The differences in blood pressure observed in this study were seen in a population with relatively high habitual intakes of flavan-3-ol and not any supplementation as has been used in intervention studies. In this context, it is noteworthy that, while representative of the UK population, the diet of participants of EPIC-Norfolk regarding flavan-3-ol intake may not be representative of countries without a strong tea culture, including countries in continental Europe and the US15. Compared to EPIC-Norfolk, it is therefore possible that a larger fraction of the population in countries without a tea culture could benefit from increasing the intake of flavan-3-ol in their diets. In addition, the question is still open as to whether or not the intake of flavan-3-ols beyond the ranges in the EPIC-Norfolk population would be associated with a further reduction in blood pressure. In any case, the large variability of flavan-3-ol content in foods precludes the identification of a diet that would result in a given increase of flavan-3-ol intake. While incorporating foods and beverages, such as tea, apples and berries, would probably increase intake of flavan-3-ols in the diet, it will depend not only on the type of food, but also on the actual product variety (species) consumed, the manufacturing conditions in which that product was generated and preserved and mode of preparation. This makes more specific recommendations impossible.

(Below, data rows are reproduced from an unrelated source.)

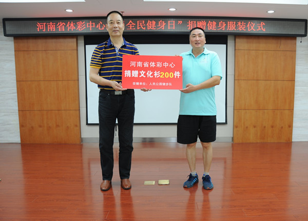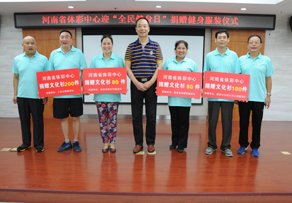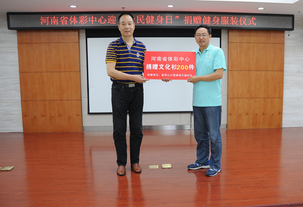 今年的8月8日將迎來我國第8個“全民健身日”,為了有力支持我省的全民健身工作,滿足廣大人民群眾日益增長的健身需求,河南省體育彩票管理中心于7月29日上午向社會團體和今年我省“全民健身日”主題活動舉辦地捐贈了3000件體恤衫,并在河南體彩中心會議室舉行了簡短的捐贈儀式。
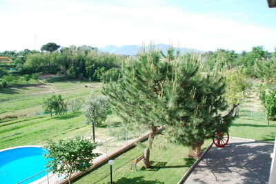 Liegen, Stühle, ein Tisch, der wichtige Sonnenschirm, eine Dusche (solarwarm) und der runde Pool, aus dem man einen herrlichen Blick über die Landschaft bis hin zu den Bergen hat, sorgten für den passenden Rahmen an den Tagen, an denen wir nicht die Märkte der Region leerkauften!
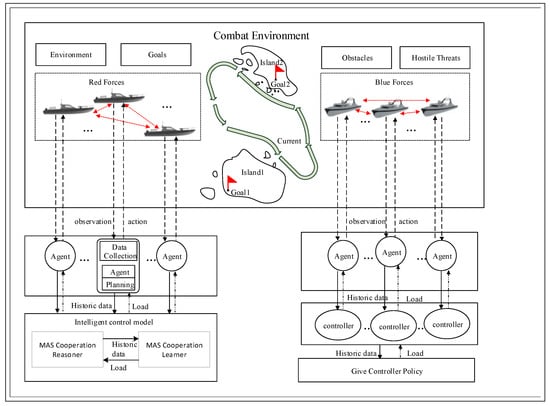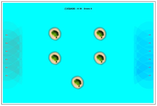 In the context of multi-surface vehicles’ modeling and design [,,], an unmanned surface vehicles (USVs) system is one of the development trends of modern weapon equipment []. The unmanned surface vehicle system has become an important means of information confrontation, precision strikes, and special combat tasks in future war []. Over the years, unmanned surface vehicles have long been applied to varying kinds of military applications in the real world. Some of the application domains include anti-mine warfare, submarine warfare, reconnaissance, and surveillance [,,]. Due to the open and complex dynamic combat environment, the USV combat system must develop in the direction of autonomy and synergy, and the future surface unmanned combat should have a strong autonomous capacity, be able to be controlled autonomously, and complete complex and diverse combat tasks independently or collaboratively in a complex uncertain environment []. However, human knowledge is difficult to apply directly to the coordination of USVs.
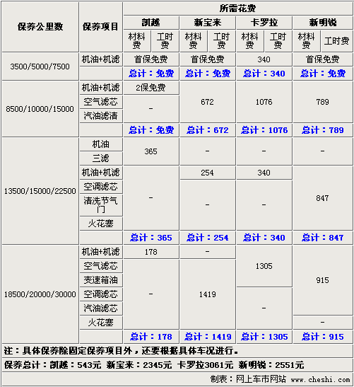 別克新凱越首保時間是四款車型中最短的,但廠家提供前兩次免費(fèi)保養(yǎng),這點(diǎn)看來還比較貼心。18500公里結(jié)算后,543元的總保養(yǎng)金額是四款車中最少的一個。新寶來和新明銳同為大眾品牌下車型,但由于合作商不同,保養(yǎng)的費(fèi)用還是存在一些細(xì)微的差距,都在2600元范圍內(nèi)。日系車一貫是經(jīng)濟(jì)實(shí)惠見長,但在后期保養(yǎng)的方面豐田卡羅拉的費(fèi)用卻是四款車中最高的,超過3000元的數(shù)字也是新凱越保養(yǎng)費(fèi)用的5倍多。

The biomarkers used in this study were surrogate biomarkers29. They are used to rank participants according to intake, but it is not possible to use them to calculate the actual amount of flavan-3-ol consumed. In order to estimate the amount consumed by participants in the top decile of intake, we have therefore used data from 7-day food diaries and calculated flavan-3-ol intakes using not only mean food content, as is common practice, but the entire range of reported food content (Fig. 5). Participants in the top decile of flavan-3-ol intake consumed at least 146 mg/day when using minimum, and 618 mg/day when using maximum food content (260 mg/day when using mean food content data) of flavan-3-ols, and at least 4 mg/day (minimum food content) or 138 mg/day (maximum food content) of (–)-epicatechin (36 mg/day when using mean food content data). While these figures provide an initial estimation, further efforts are needed to obtain a more precise number if these data are expected to be used for the development of dietary recommendations of flavan-3-ols as bioactive.

Strengths and limitations

The EPIC-Norfolk cohort is ideally placed to investigate potential associations between flavan-3-ol intake and cardiovascular disease risk factors, not only because of its size, but also because it is set in a population with habitually high flavan-3-ol intake22. The main strength of the study is the use of robustly evaluated nutritional biomarkers to estimate flavan-3-ol27 and (–)-epicatechin28 intake and the use of 7-day-food diaries for dietary data. A limitation of the study is the reliance on a single spot-urine sample, as multiple samples would have provided a more representative estimation of habitual intake. The plasma half-life of gVLM, approximately 6 h, is sufficient to achieve steady-state like conditions with regular consumption27. As the main source of flavan-3-ol intake in a UK cohort is tea22, which is consumed regularly in a UK population, it can provide information on longer term intake. The half-life of SREM is considerably shorter, 2 h, and the biomarker therefore reflects mainly short-term intake. Further limitations are the largely cross-sectional nature and the inability to derive actual intake from surrogate biomarkers, only allowing the ranking of participants according to intake29.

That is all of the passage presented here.